In some embodiments, the model training system 600 may separate the training data 114 into two or more subsets. For example, one subset may be used to train the model 110, and another subset may be used to test the trained model 110 and determine whether it has been adequately trained. In some embodiments, the model training system 600 may separate the training data 114 into k segments, or “folds” (where k is an integer greater than two) and use a cross-validation procedure such as k-fold cross-validation to train and test the model 110.

At block 206, the model training system 600 may determine the structure of the model 110 to be trained. The specific attributes of model structure available to be determined may depend on the type of model being trained. For example, if the model 110 is an artificial neural network, the model training system 600 may determine the quantity of internal layers, the quantity of nodes per layer, or the connectedness of the layers (e.g., fully connected layers vs. partially-connected layers). The particular attributes may be specified in a request or command sent to the model training system 600 to train the model, or they may be determined based on configuration data or programmatic instructions used by the model training system 600.

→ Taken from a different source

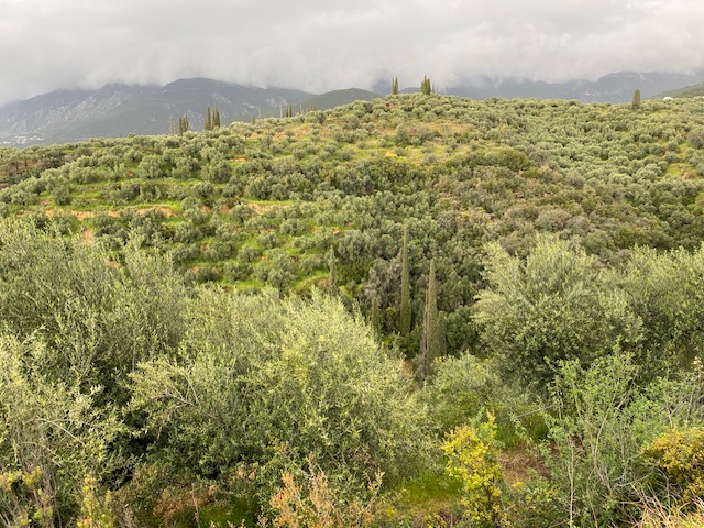 Ich kletterte hinauf und hatte während der Überführung ans andere Ende Kalamatas Zeit, die Künste des Fahrers zu bewundern, der mit dem Riesending fuhr, als sei es ein Motorrad. Auch die Landschaft war von meinem hohen Sitz aus sehr eindrucksvoll, zumal es wieder Neuschnee auf den Berggipfeln zu bewundern gab.

In some embodiments, block 206 may be executed (or re-executed) after at least a portion of training has occurred, and the structure of the model 110 may be modified through the addition of nodes, layers, etc., depending upon the feature space analysis performed by the model training system 600 during training. As one extreme example, the model 110 may initially be structured as a neural network with a single layer having a single node. The structure may be modified through addition of nodes, layers, etc. during the course of training to arrive at an optimal structure (from a size standpoint) for the training data being used and target use case of the model, as described below.

At block 208, the model training system 600 may initialize model parameters for the training process. The specific parameters and manner of initialization may depend on the type of model being trained. For example, if the model 110 is an artificial neural network, the model training system 600 may initialize the weights that correspond to connections between nodes in different layers. In some embodiments, the value of the weights may be randomly or pseudo-randomly determined, such as by using a pseudo-random number generator (PRNG) to determine substantially random values within the range of values that each weight is permitted to take (e.g., between 0.0 and 1.0).

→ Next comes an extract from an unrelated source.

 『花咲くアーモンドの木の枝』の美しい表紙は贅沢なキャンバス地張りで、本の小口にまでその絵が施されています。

At block 210, the model training system 600 may execute a training epoch. For example, the model training system 600 may process all training data input vectors 102 in the training set and generate training data output vectors 106. During the course of generating the training data output vectors 106, the model 110 may generate feature space data, such as feature vectors 154 representing the training data input vectors 102 in the feature space being learned as part of the training process.

The model training system 600 may evaluate the loss function for the current epoch. The loss function can evaluate the degree to which training data outputs (e.g., training data output vectors 106 generated using the model 110) differ from the desired or expected output (e.g., represented by reference data output vectors 104) for corresponding training data inputs (e.g., training data input vectors 102). Based on evaluation using the loss function, the model training system 600 can update some or all parameters of the model 110 so that when the same training data inputs are processed again (e.g., during subsequent epochs), the output produced by the model 110 will be closer to the desired output.

In some embodiments, the model training system 600 may compute a gradient based on differences between the training data output vectors 106 and the reference data output vectors 104. For example, gradient (e.g., a derivative) of the loss function can be computed. The gradient can be used to determine the direction in which individual parameters of the model 110 are to be adjusted in order to improve the model output (e.g., to produce output that is closer to the correct or desired output for a given input). The degree to which individual parameters are adjusted may be predetermined or dynamically determined (e.g., based on the gradient and/or a hyperparameter). Illustratively, the parameters may be adjusted using a gradient descent method with back propagation, as described in greater detail above.

In some embodiments, the model training system 600 may evaluate the loss function and update model parameters without necessarily processing the entire training set. Rather, the model training system 600 may do so after processing only a subset or “batch” of training data. For example, a training hyperparameter for batch size is set to a value that is less than the size of the training set. The gradient that is calculated for such a batch may be referred to as a “partial gradient” because it is not based on the entire corpus of training data. For each batch, the model training system 600 may evaluate the loss function for the current batch of training, update model parameters, and proceed with the next batch, if any remain in the training set.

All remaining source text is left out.